ESMA reviews financial reporting. The European Securities and Markets Authority published a review of the comparability and quality of disclosures in 2012 IFRS financial statements of listed financial institutions. The review makes recommendations aimed at enhancing the transparency of financial statements through the improvement of disclosures in certain key areas including credit risk and impact of forbearance practices; liquidity and funding risk; asset encumbrance; and fair value measurement of financial instruments. (11/18/2013) ESMA notice.

UK FCA proposes amendments to the Recognized Investment Exchanges sourcebook. The UK’s Financial Conduct Authority opened a consultation on changes to its Recognized Investment Exchanges sourcebook. The proposal would make clear how the FCA will take competition considerations into account when supervising Recognized Investment Exchanges and Recognized Overseas Investment Exchanges. Comments should be submitted by January 31, 2014. (11/18/2013) FCA press release.

UK systemic risk survey. The Bank of England published the results of its systemic risk survey which was conducted between September 23 and October 24, 2013. The survey quantifies and tracks market participants’ views of risks to, and their confidence in, the UK financial system. (11/18/2013)

Euro zone bailout. According to Reuters, finance ministers from the European Union have agreed that euro zone bailout funds may be used to support failing banks, if necessary. (11/15/2013) Agreement.

CCP default resources. The Bank of England published a paper on the adequacy of central counterparties’ default resources. The paper proposes a methodology in which daily data on a CCP’s member exposures would be used to form a top-down statistical model of the risk arising from the CCP’s exposures to its members. (11/15/2013) Bank of England press release.

ESMA risk dashboard. The European Securities and Markets Authority published its risk dashboard for the third quarter of 2013. (11/15/2013) ESMA notice.

Trilogue agreement on Omnibus II. EC Commissioner Michel Barnier discussed the November 13, 2013 trilogue agreement on draft Omnibus II measures implementing Solvency II. Omnibus II would create a risk-based regulatory and supervisory framework for the insurance sector, including measures to clarify the treatment of insurance products with long-term guarantees. (11/14/2013) Barnier Memo. summarized the agreement’s provisions (11/14/2013) Summary.

ESMA consults on Market Abuse Regulation. The European Securities and Markets Authority published a discussion paper setting out the measures it will have to develop for the new Market Abuse Regulation. Comments should be submitted by January 27, 2014. (11/14/2013) ESMA notice.

ESMA clarifies shareholder cooperation in takeover situations. The European Securities and Markets Authority published a statement on practices governed by the Takeover Bid Directive (TBD), focused on shareholder cooperation issues relating to acting in concert and the appointment of board members. The statement contains a White List of activities on which shareholders can cooperate without the presumption of acting in concert. It also contains information on how shareholders may cooperate in order to secure board member appointments by setting out factors that national authorities may take into account when considering whether shareholders are acting in concert. (11/12/2013) ESMA notice.
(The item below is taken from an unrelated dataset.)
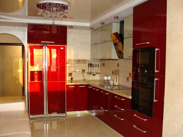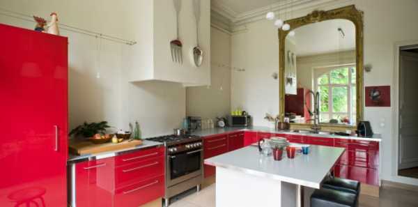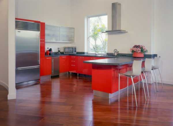 - Комбинировать в интерьере красный гарнитур с белым потолком, светлыми стенами и глянцевым полом.

EBA peer review on the implementation of stress testing. The European Banking Authority published the peer review on the implementation of the EBA guidelines on stress testing. The peer review assessed the effectiveness of the supervisory activities related to the review of credit institutions’ own stress testing frameworks across the EU, as well as the implementation of related provisions by competent authorities. The report found that National Competent Authorities largely comply with the assessed guidelines. (11/12/2013) EBA press release.

ESMA enforcement priorities. The European Securities and Markets Authority has published its European Common Enforcement Priorities for 2013. These Priorities are to be used by European Economic Area national authorities in their assessment of listed companies’ 2013 financial statements. The Priorities identified refer to the application of IFRS in relation to impairment of non-financial assets; measurement and disclosure of post-employment benefit obligations; fair value measurement and disclosure; disclosures related to significant accounting policies, judgments and estimates; and measurement of financial instruments and disclosure of related risks. (11/11/2013) ESMA notice.
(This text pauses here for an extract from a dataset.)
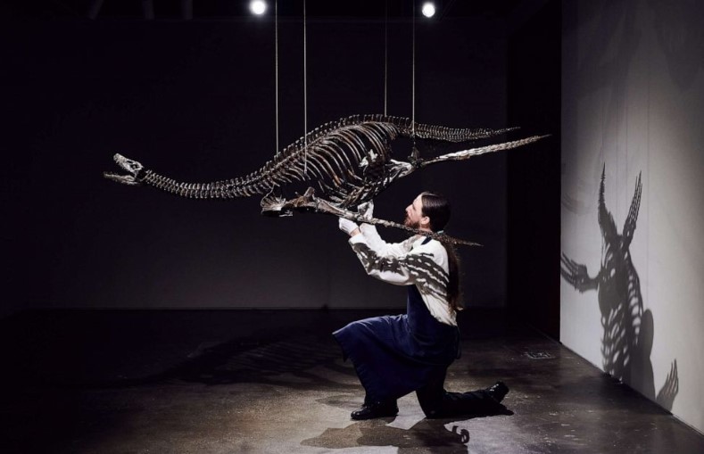 Πρόκειται για τους απολιθωμένους σκελετούς ενός πτερανόδοντα, ενός ιπτάμενου ερπετού που χαρακτηρίζεται ως ένα από τα μεγαλύτερα και πιο επικίνδυνα είδη της εποχής των δεινοσαύρων κι ενός πλησιόσαυρου, ήτοι ενός θαλάσσιου αρπακτικού της οικογένειας των σαυροπτερύγιων.

Bank of England financial stability paper. The Bank of England published a paper analyzing the structure and dynamics of the UK single-name credit default swap market. (11/8/2013) Bank of England press release.

UK FCA statements on commodity markets. The UK Financial Conduct Authority issued two statements concerning the commodity markets. The first concerns the London Metal Exchange (LME). The FCA expects the LME to ensure that approved warehouses provide effective and efficient services for the receipt, holding and delivery of metal related to the trading of LME contracts, to support the LME in meeting its regulatory obligations as a recognized investment exchange. (11/7/2013) The second concerns the FCA’s review with Ofgem of allegations of manipulation of the gas market on September 28, 2012. The two agencies did not find evidence of market manipulation. (11/7/2013)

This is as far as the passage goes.